What did your Patient Access implementation teach you? Payers that bought a Patient Access solution in 2021 and barely touched it since should assume that vendor relationship needs re-evaluation under the heavier 2027 requirements — API usage metrics reporting began in 2026, and prior auth data raises the data-quality bar. Payers that ran it well have a head start and a known-quantity vendor.
How fragmented is your authorization data? Count the systems where an authorization can be created or updated (UM platform, delegated vendors, claims system overrides, legacy portals). Below three, your data layer is a project; above five, it's a program — and it, not vendor selection, is your critical path to January 2027.
What does your UM platform vendor actually have? Many UM platforms now ship CRD/DTR/PAS modules of varying maturity. A genuinely capable module can collapse Layer 3 dramatically. Diligence it like infrastructure: demand live-production references, not roadmap slides — at this point in the cycle, "generally available next quarter" is a schedule risk you can't absorb.
Multi-line complexity? If you operate MA, Medicaid, and Marketplace products, requirements differ by line (QHP timeframe carve-outs, state Medicaid contract layers).

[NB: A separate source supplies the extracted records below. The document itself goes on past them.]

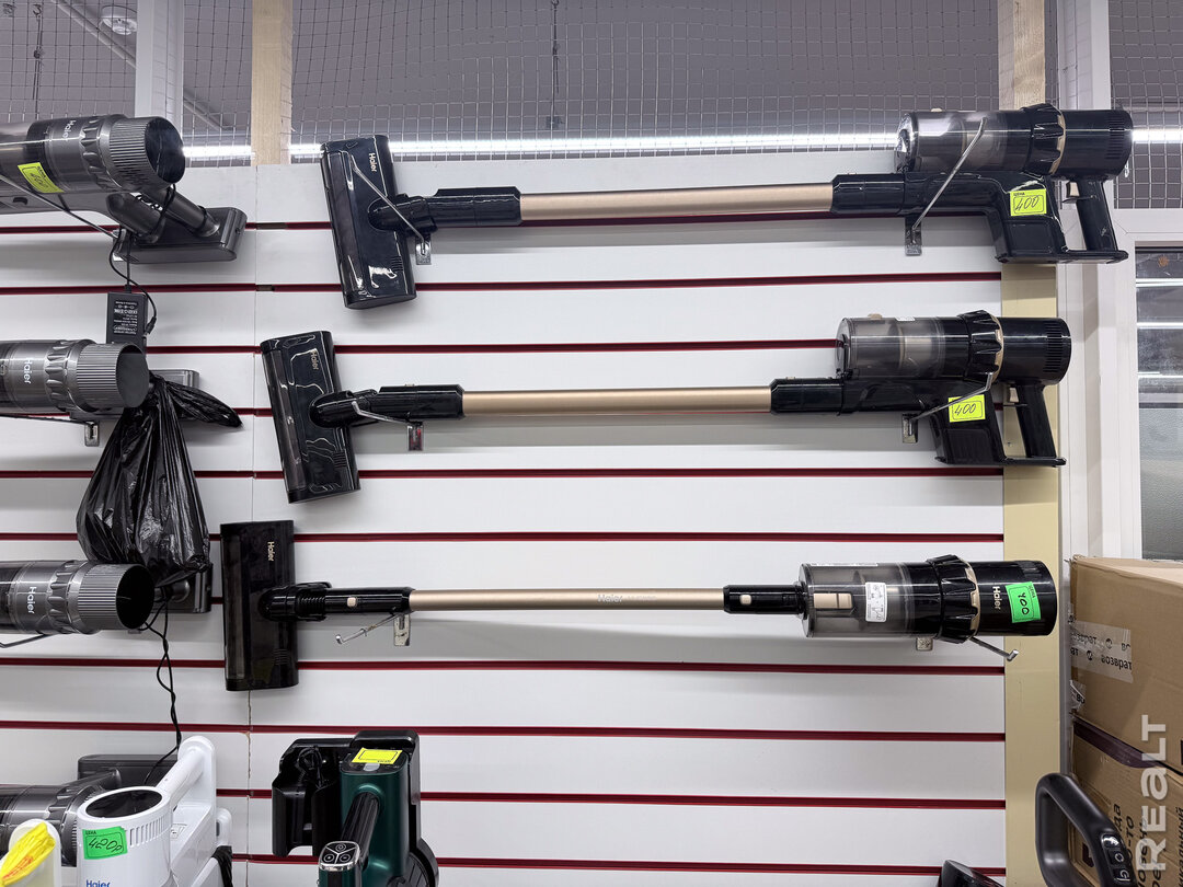 В магазине большой выбор пылесосов — есть моющие, робот-пылесосы и вертикальные. Самые большие скидки мы нашли на модели от китайского Haier — вертикальный пылесос продается за 1 200 рублей вместо 2 250 рублей, а робот-пылесос с влажной уборкой можно купить за 1 500 рублей при его стандартной цене около 2 500 рублей. Представлено и много бюджетных моделей — от 150 рублей. Некоторые модели очевидно бывшие в употреблении, но многие выглядят как новые.
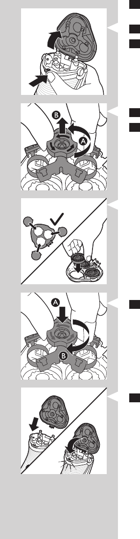 6 Remove the shaving heads and place new ones in the shaving unit.
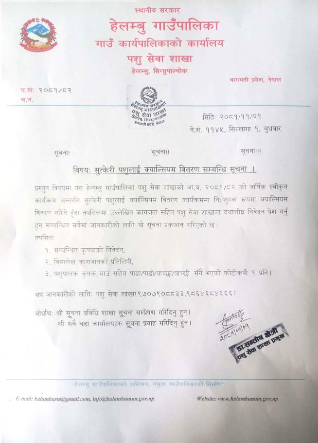 सुत्केरी पशुलाई क्याल्सियम वितरण सम्बन्धी सूचना।
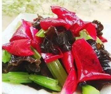 1.玫瑰花瓣用淡盐水泡10分钟并洗净、黑木耳泡发洗净撕成小瓣,芹菜洗净切段
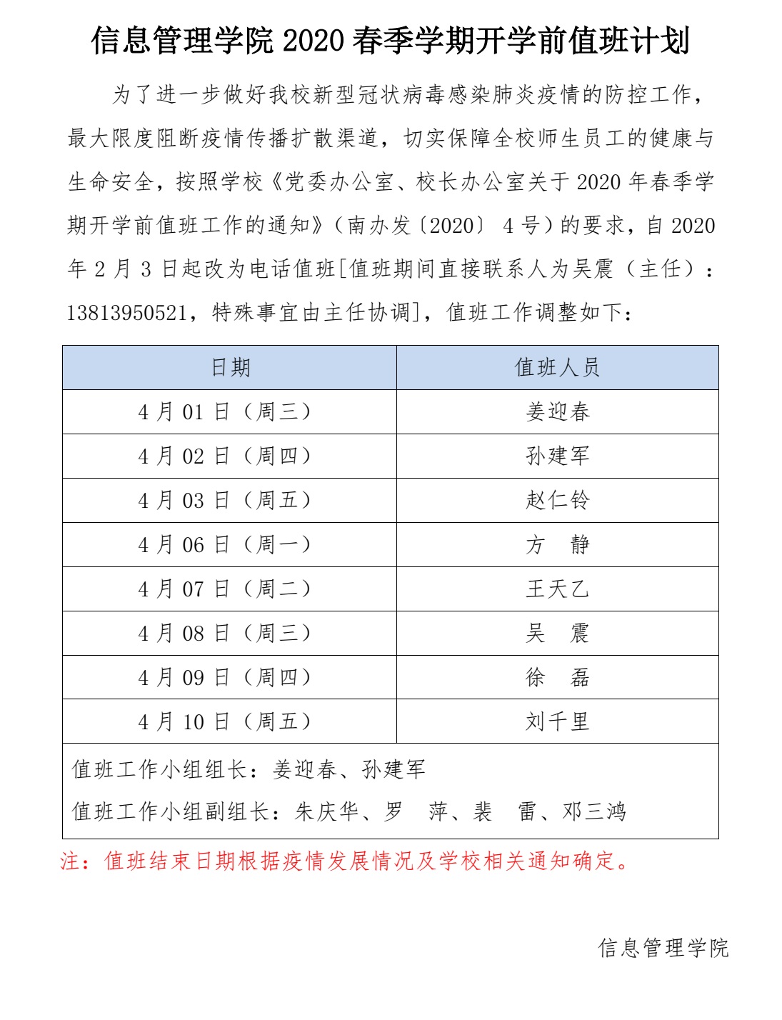 肉番 2020春季学期开学前值班计划(4月份)

Configurable-per-program beats hard-coded — a question to ask vendors and your own architects with equal severity.
Questions that belong in every RFP
Whatever the sourcing decision, these belong verbatim in vendor diligence:
- Which Da Vinci implementation guide versions do you support in production today, at which named customers, and what is your policy when the guides version again?
- Where does authorization state live in your architecture — and can you operate statelessly against our system of record, with no nightly sync?
- How do you handle the X12 278 rail: native translation, clearinghouse partnership, or "not our problem"? Show the mapping tables.
- What are your conformance-testing artifacts, and will you commit to delivery dates defined by passing them — with remedies?
- How is per-program configuration handled (MA vs. Medicaid vs. QHP differences), and what does adding a state contract's custom rules cost?
Vendors comfortable with these questions exist; vendors who answer them with roadmap language are telling you where your January 2027 risk lives.
A defensible default, and its failure modes
For a mid-market payer without a standing interoperability team, the defensible default is: one platform vendor for Layers 1 and the PAS/CRD /DTR scaffolding; internal (or SI-assisted) ownership of Layer 2; UM platform integration for Layer 3, using the UM vendor's modules where they demonstrably work in production.
Its failure modes are predictable. Watch for: the compliance-silo pattern, where the bought platform keeps its own authorization state and drifts from your UM truth (make "single system of record" a contractual architecture requirement); vendor roadmap slippage eating your testing window (contract for conformance-tested delivery dates with real remedies); and the data layer silently becoming "phase two" because it lacks a deadline (it is the deadline — every API demo against dirty data is a demo, not progress).
Build versus buy is the wrong binary. The right question is: which layers are undifferentiated compliance infrastructure, and which layer encodes how your organization actually manages care? Buy the first kind. Own the second — because after 2027, the payers that own their authorization data model will be the ones that can automate on top of it.